**PROMPT**
Copy, exactly as written, the lines that begin at the one containing "煙肉火腿玉米羹裡面加了 培根 火腿 跟滿滿粒粒分明的玉米" and end at the one containing "The Petite Amber". Skip any pictures in the data below.

[Collected data]
• • • • • • •

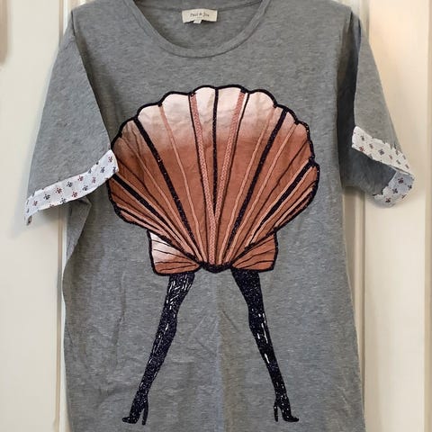 Vaaleanroosa t-paita, jossa kohopainatus DOT.
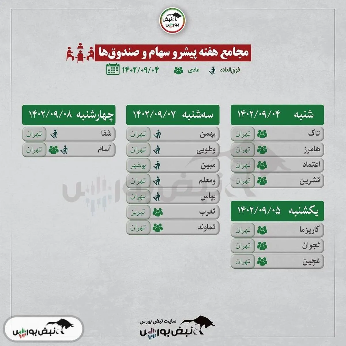 به گزارش نبض بورس،  شرکت‌هایی که در جدول زیر آمده است درتاریخ ۴ آذرماه تا ۹ آذرماه مجمع عمومی عادی سالیانه و مجمع عمومی فوق‌العاده‌‎ خود را برگزار خواهند کرد و در خصوص (تطابق اساسنامه شرکت با نمونه اساسنامه سازمان بورس، انتخاب اعضای هیئت‌مدیره، افزایش سرمایه) تصمیم‌گیری می‌کنند
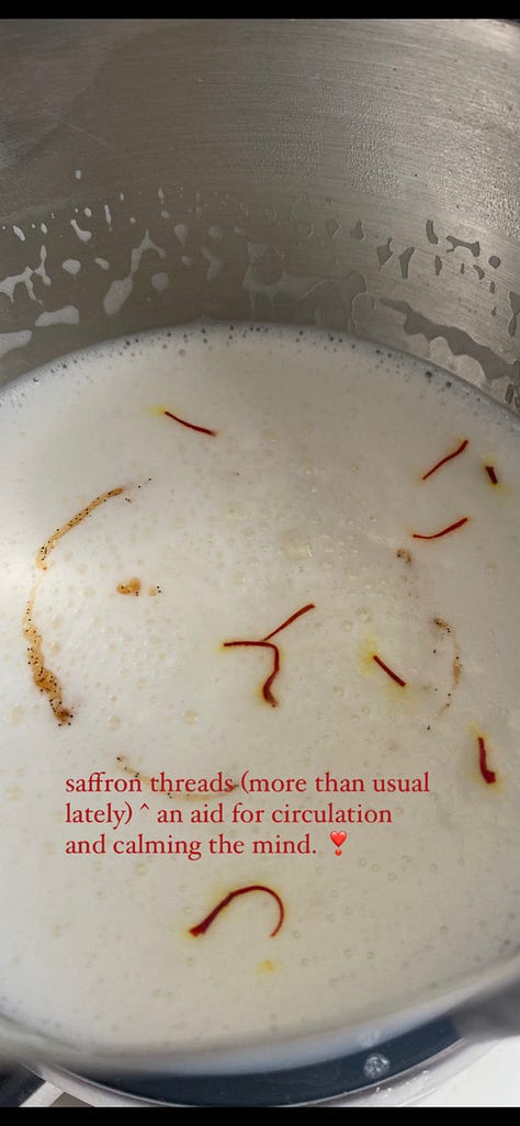 A necessary note for nursing mamas: stick to 3-5 threads max. Culinary amounts. Saffron at high doses (we’re talking upwards of 5 grams daily, far beyond what you’d use in food) carries risk of uterine stimulation. At normal culinary use, this is well within safety. For true milk supply support, fenugreek, oats, nettle, and moringa have stronger evidence as galactagogues and are great at suhoor. Saffron supports you ~ the mood and circulation and warmth of the body doing the work. That matters enormously for a nursing mama fasting through Ramadan. Just keep it to a few threads.
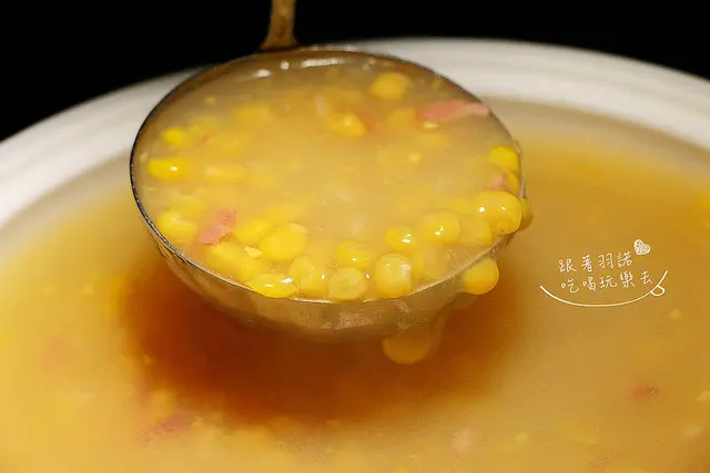 煙肉火腿玉米羹裡面加了 培根 火腿 跟滿滿粒粒分明的玉米
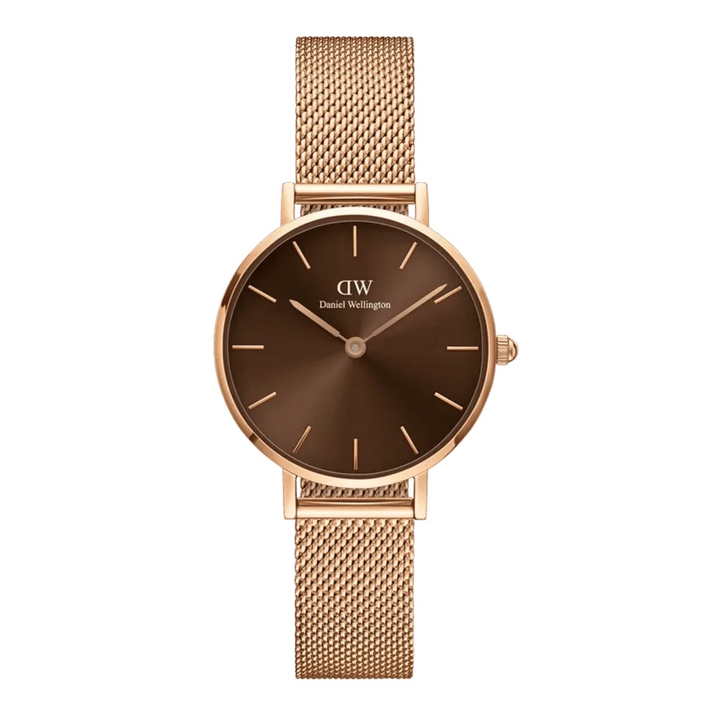 The Petite Amber features a light brown dial with a sunray finish. A vibrant colour associated with warmth, energy, and boldness. Crafted with polished stainless steel, available with a refined rose gold plating. A delicate and chic timepiece that gives your look a unique touch.Â
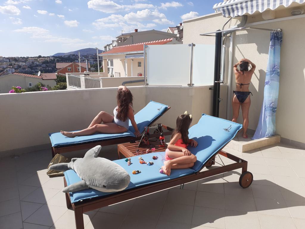 Velice vám děkujeme za nádhernou dovolenou, na kterou budeme vzpomínat, jste velmi pohostinní, milí, udělejte vše pro to, aby se váš host cítil opravdu skvěle. Byt je velký, krásný, čistý, pěkně zařízený. Pohled z terasy je nádherný! Je blízko pláže, pěkně zdobené. Čiovo je krásný, Trogir krásný; možnost výletů ... Pozdravy, Patricia s rodinou
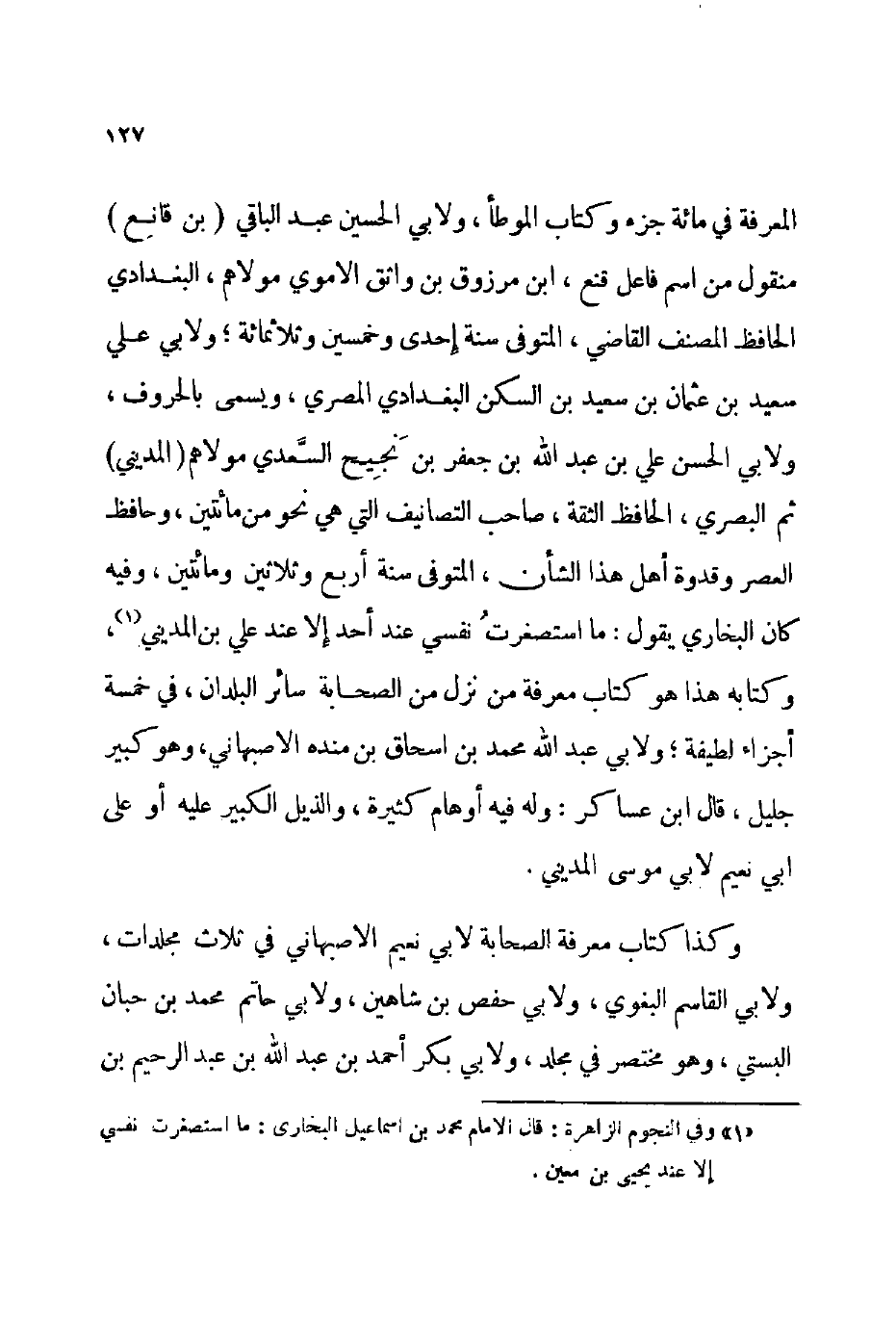 المعرفة في مائة جزء وكتاب الموطأ ولأبي الحسين عبد الباقي بن قانع منقول من اسم فاعل قنع ابن مرزوق بن واثق الأموي مولاهم البغدادي الحافظ المصنف القاضي المتوفى: سنة إحدى وخمسين وثلاثمائة ولأبي علي سعيد بن عثمان بن سعيد بن السكن البغدادي المصري ويسمى: بالحروف ولأبي الحسن علي بن عبد الله بن جعفر بن نجيح السعدي مولاهم المديني ثم البصري الحافظ الثقة صاحب التصانيف التي هي نحو من مائتين وحافظ العصر وقدوة أهل هذا الشأن المتوفى: سنة أربع وثلاثين ومائتين وفيه كان البخاري يقول: ما استصغرت نفسي عند أحد إلا عند علي بن المديني1 وكتابه هذا هو: كتاب معرفة من نزل من الصحابة سائر البلدان في خمسة أجزاء لطيفة ولأبي عبد الله محمد بن إسحاق بن منده الأصبهاني وهو كبير جليل قال ابن عساكر: وله فيه أوهام كثيرة والذيل الكبير عليه أو على أبي نعيم لأبي موسى المديني.
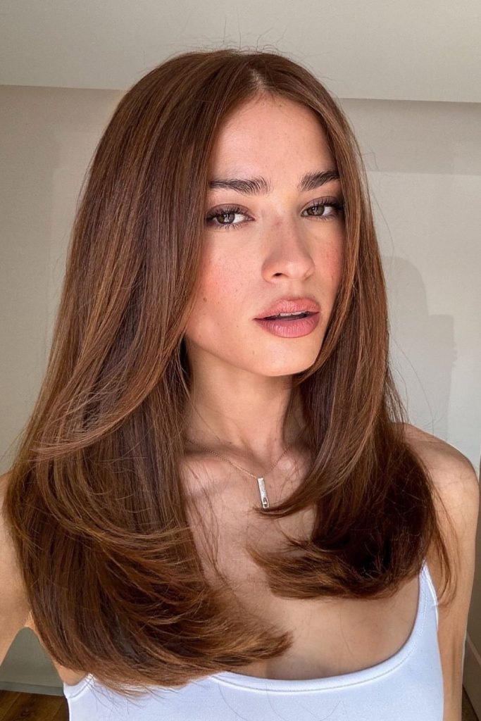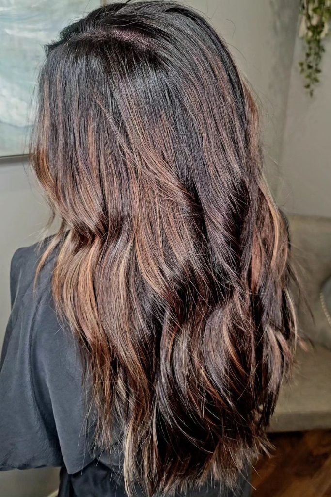 This color suits brunettes wanting some brightness while keeping their natural richness. Achieving this look uses balayage for seamless blending.
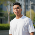 Outfit (Man): Top: Plain white short-sleeve T-shirt with a standard round neckline and large printed text. Bottom: Plain light blue (baby blue) shorts made of lightweight cotton or parachute fabric, ending above the knee. Accessories: None visible. Shoes: White low-top sneakers with thick soles. Details: Plain white ankle socks.
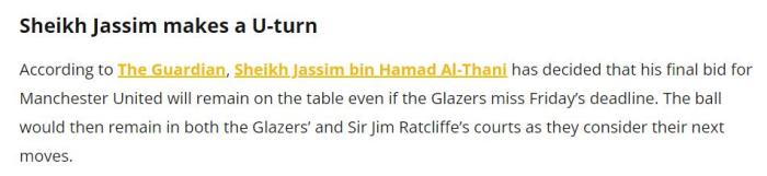谢赫贾西姆被指已经直接与格雷泽家族进行了谈判,他的这次最新报价总额达到60亿英镑,但其中10亿是用作未来投资俱乐部的预算,不在格雷泽家族的考虑范围。有人私下声称,由于卡塔尔收购的出价没有实质性提高,因此没有成功。同时,英力士的拉爵被认为仍然是成功收购曼联的热门。
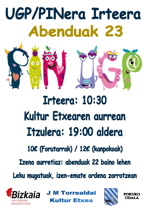 Forua. Forutik BECeko Umeen Gabonetako Parkera irteera egingo dute abenduaren 23an [martitzena]. Irteera ordua 10:30ean finkatu dute, eta itzulerakoa, 19:00etan. Foruarrek 10 euro ordaindu beharko dituzte eta gainerakoek, 12 euro. Izen ematea abenduaren 22a [astelehena] aurretik egin beharko da, eta leku mugatuak daudenez, esleipena izen emate ordena jarraituz egingo dute.

• • • • • • •

**SOLUTION TO THE EXERCISE**
 煙肉火腿玉米羹裡面加了 培根 火腿 跟滿滿粒粒分明的玉米
 The Petite Amber features a light brown dial with a sunray finish. A vibrant colour associated with warmth, energy, and boldness. Crafted with polished stainless steel, available with a refined rose gold plating. A delicate and chic timepiece that gives your look a unique touch.Â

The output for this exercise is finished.